BLAS Pitfalls with Mac OSX Accelerate Framework

Today I'm going to talk about bugs you can encounter when using the Apple (i.e. Mac OSX) Accelerate framework and BLAS functions like dot product, norm, and sum. I hope that describing these bugs here saves you a headache in the future. This will also be a fun chance to use f2py and the fortran_magic Jupyter extension.

%load_ext fortranmagic

Let's start with a very simple routine written in Fortran to see how fortran_magic works.

subroutine f(x, y, z)
  real(4), intent(in) :: x, y
  real(4), intent(out) :: z
  z = x + y
end subroutine f
print(f(1, 2))

We can also work with arrays.

subroutine fa(x, y, z, N)
  integer, intent(in) :: N
  real(4), dimension(n), intent(in) :: x, y
  real(4), dimension(n), intent(out) :: z
  z = x + y
end subroutine fa
from numpy import array
a = array([1, 2, 3])
b = array([4, 5, 6])
print(fa(a, b))
[5. 7. 9.]

Now we can try rewriting the above function to call BLAS.

subroutine fb(x, y, z, n)
  integer, intent(in) :: n
  real(4), dimension(n), intent(in) :: x, y
  real(4), dimension(n), intent(out) :: z
  real(4), parameter :: fac = 1.0
  call scopy(n, x, 1, z, 1)
  call saxpy(n, fac, y, 1, z, 1)
end subroutine fb
print(fb(a, b))
[5. 7. 9.]

BLAS has functions, in addition to subroutines. For example, to compute the dot product.

subroutine fc(x, y, res, n)
  integer, intent(in) :: n
  real(4), dimension(n), intent(in) :: x, y
  real(4), intent(out) :: res
  res = sdot(n, x, 1, y, 1)
end subroutine fc
print(fc(a, b))

It seems like something has gone wrong. Did I make a mistake in my fortran routine? Maybe we should debug a little.

subroutine fc(x, y, res, n)
  integer, intent(in) :: n
  real(4), dimension(n), intent(in) :: x, y
  real(4), intent(out) :: res
  write(*, *) x
  write(*, *) y
  write(*, *) dot_product(x, y)
  res = sdot(n, x, 1, y, 1)
  write(*, *) res
end subroutine fc
print(fc(a, b))
0.0   1.00000000       2.00000000       3.00000000    
   4.00000000       5.00000000       6.00000000    

Nothing seems wrong with the code. What is worse, the intrinsic dot_product works, but BLAS doesn't! There is a trick to fix this though.

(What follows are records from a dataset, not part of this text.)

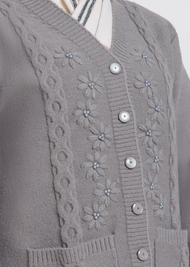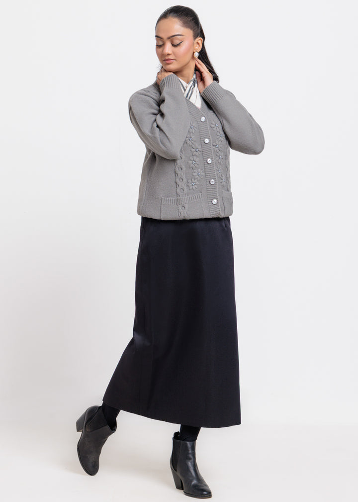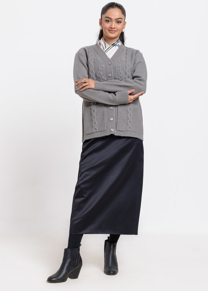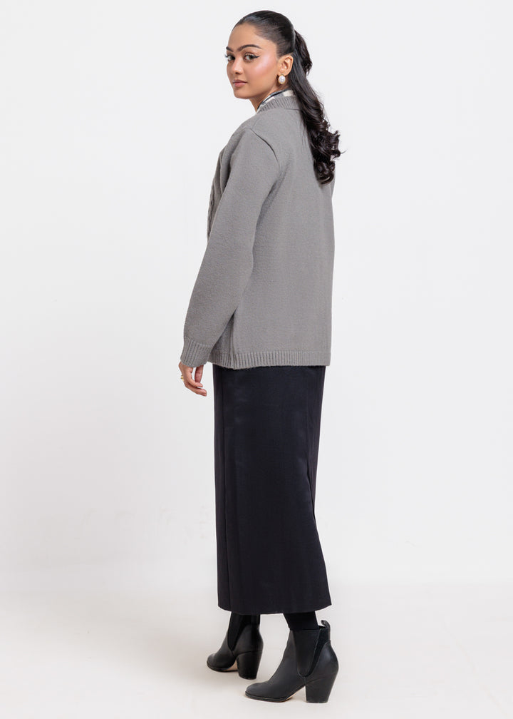 Grey-V-Cardigan Full Sleeves Sweater (25Y-063-67)
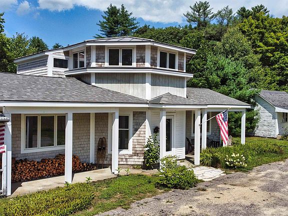 INVESTORS TAKE NOTICE! Village zoning with 3+ unit potential. You must see this 1940's conversion home in Andover's village! Just a short walk to Proctor Academy's 2,500 acre campus, this home was once the communities water tank, hence the unique octagonal architectural design. This property was further renovated with bamboo flooring, corian counter tops, butlers pantry and an upstairs primary suite boasting one-of-a-kind craftsmanship, walk in closet, and luxury bathroom with sunken tub. The bedroom on the main floor includes it's own wood stove and another en-suite bathroom. A 1.5 car garage is attached via covered walkway and the detached barn has been wired and plumbed for auxiliary living space (with town approval). Additionally, there is a guest house with plumbing and electricity.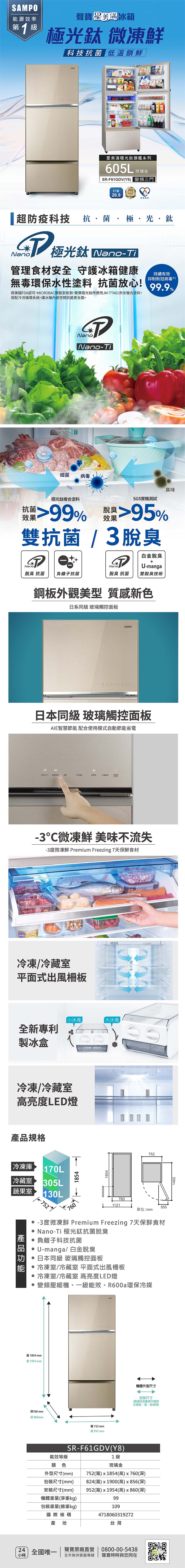 ◆冷凍室容量:170公升, 冷藏室容量:305公升,蔬果室:130公升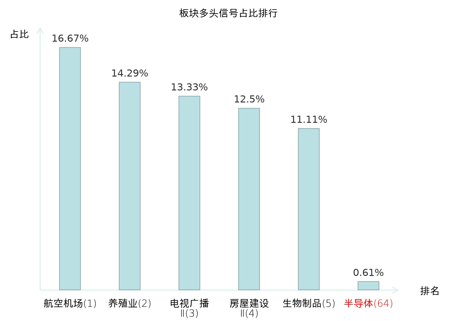全市场所有行业板块中主力多头信号占比排名中,航空机场板块位居第一。航空机场板块名次提升最快,较昨日上升113位。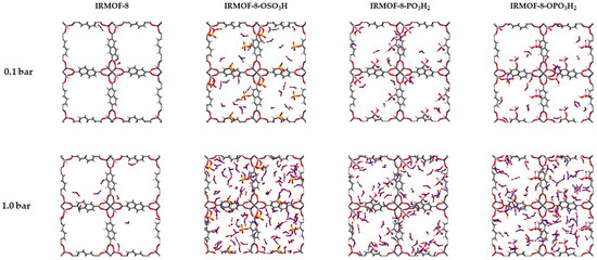 Figure 5. Snapshots for the IRMOF-8, IRMOF-8-X (X: -OSO3H, -PO3H2, -OPO3H2) from the GCMC at 298 K-0.1 bar and 298 K-1.0 bar.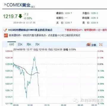据新浪财经讯 北京9月19日下午消息 苏格兰独立公投结束,决定留在英国,黄金(1222.40, -4.50, -0.37%)迅速大跌近0.6%,下跌7.2美元,报1219.7美元。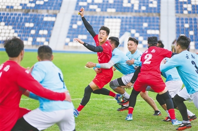 ①十一月二十三日,在第十二届全国少数民族传统体育比赛中,主办国海南队和云南队2:2握手言和。海报集团全媒体记者 李天平 摄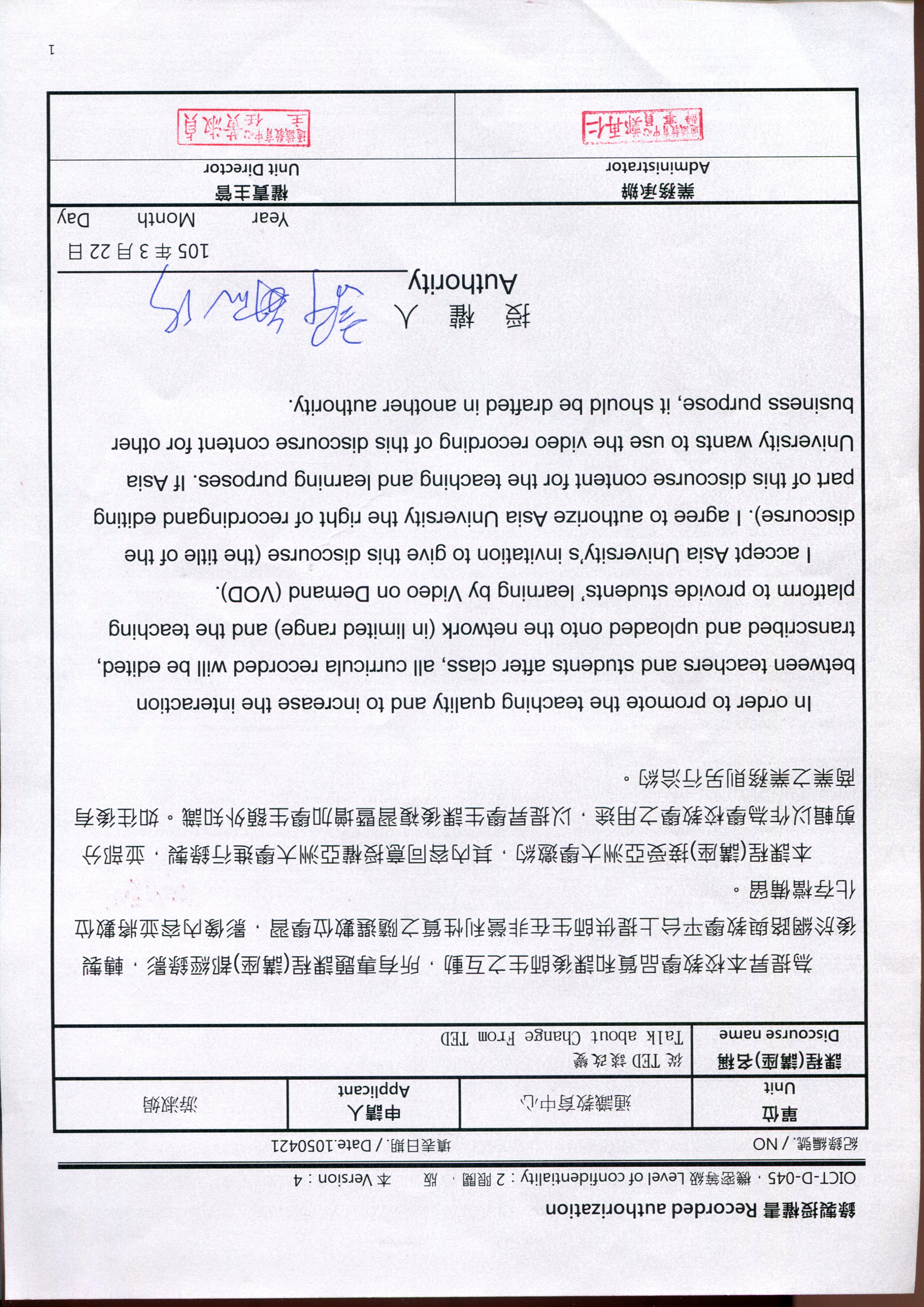從TED(technology, entertainment, design科技,娛樂,設計)談改變」主題,勉勵亞大同學永遠要問對的問題、走自己的路,「全力以赴!」,莫忘初衷!

subroutine fc(x, y, res, n)
  real(8), external :: sdot
  integer, intent(in) :: n
  real(4), dimension(n), intent(in) :: x, y
  real(8), intent(out) :: res
  res = sdot(n, x, 1, y, 1)
end subroutine fc
print(fc(a, b))

It seems I had to coach my Fortran routine to believe that the returned value is double precision. Yet, it's sdot, and if we look at the documentation it should definitely return a single precision floating point number. Let's try some other routines.

subroutine fd(x, res, n)
  real(8), external :: snrm2
  integer, intent(in) :: n
  real(4), dimension(n), intent(in) :: x
  real(8), intent(out) :: res
  res = snrm2(n, x, 1)
end subroutine fd

Indeed, for any of the functions in BLAS LEVEL-1, I think you will suffer through this. As I mentioned before though, this is a problem specific to Apple's Accelerate framework. Let's try linking against openblas instead.

%%fortran --extra '/Users/wddawson/miniconda3/envs/fmagic/lib/libopenblas.0.dylib'
subroutine fe(x, res, n)
  integer, intent(in) :: n
  real(4), dimension(n), intent(in) :: x
  real(4), intent(out) :: res
  res = snrm2(n, x, 1)
end subroutine fe

If you find yourself calling BLAS directly, you might want to take some care to provide a backup plan if your code is being compiled and executed on a Mac.